Perfect for an after school snack, lunch box or finger food, these potato samosas are packed full of goodness and flavour. If you're lucky enough to have any leftover, they freeze beautifully.
- 1 1/2 cup (225g) plain (all-purpose) flour
- 1 tablespoon ghee
- 1 tablespoon cumin seeds
- 1/2 cup (125ml) warm water, approximately vegetable oil, for deep-frying
- 125 gram coliban potatoes, chopped finely
- 1 teaspoon ghee
- 1/2 brown onion (40g), chopped finely
- 1 clove garlic, crushed
- 1/2 fresh large green chilli, chopped finely
- 1 teaspoon grated fresh ginger
- 1/4 teaspoon each coriander seeds and cumin seeds
- 1/2 teaspoon garam masala
- 1 tablespoon finely chopped fresh coriander (cilantro)
- 1 teaspoon lemon juice
- 1Place flour in medium bowl; rub in ghee. Add seeds; gradually stir in enough of the water to make a firm dough. Knead on floured surface until smooth and elastic, enclose with plastic wrap; refrigerate 30 minutes
- 2For the filling, boil, steam or microwave potato until just tender; drain. Mash half the potato in small bowl. Melt ghee in medium saucepan; cook onion, garlic, chilli, ginger, seeds and garam masala, stirring, until onion softens. Stir in coriander, juice and both mashed and chopped potato.

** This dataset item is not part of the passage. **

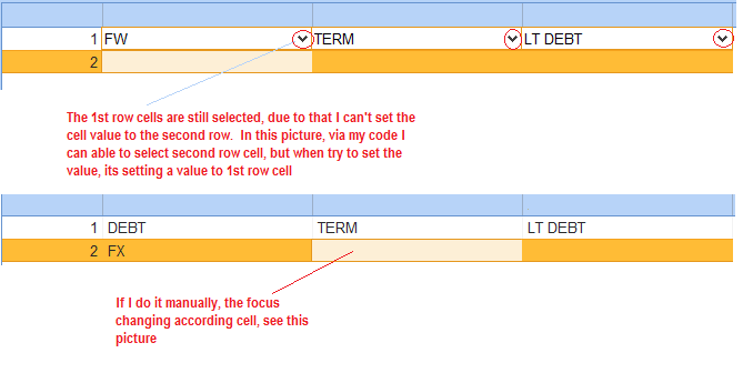 How do I change focus to next cell (similar to manual action), so I can able to set the value to next cell?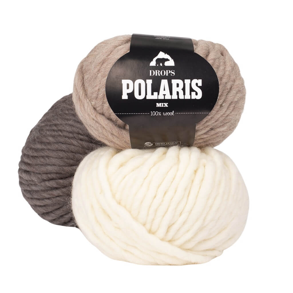 Polaris besteht übrigens aus der gleichen Wolle wie Drops Snow und hat die gleiche Maschenprobe wie doppelt verstricktes Drops Snow.

- 3Roll dough on floured surface until 3mm (¹/8-inch) thick. Using 8cm (3¼-inch) cutter, cut 28 rounds from dough. Place level teaspoons of cold filling in centre of each round; brush around edge of rounds with water, press together to enclose filling.
- 4Heat oil in large saucepan; deep-fry samosas, in batches, until browned and crisp. Drain on absorbent paper.
You could also use nicola or pink-eye potatoes for this recipe.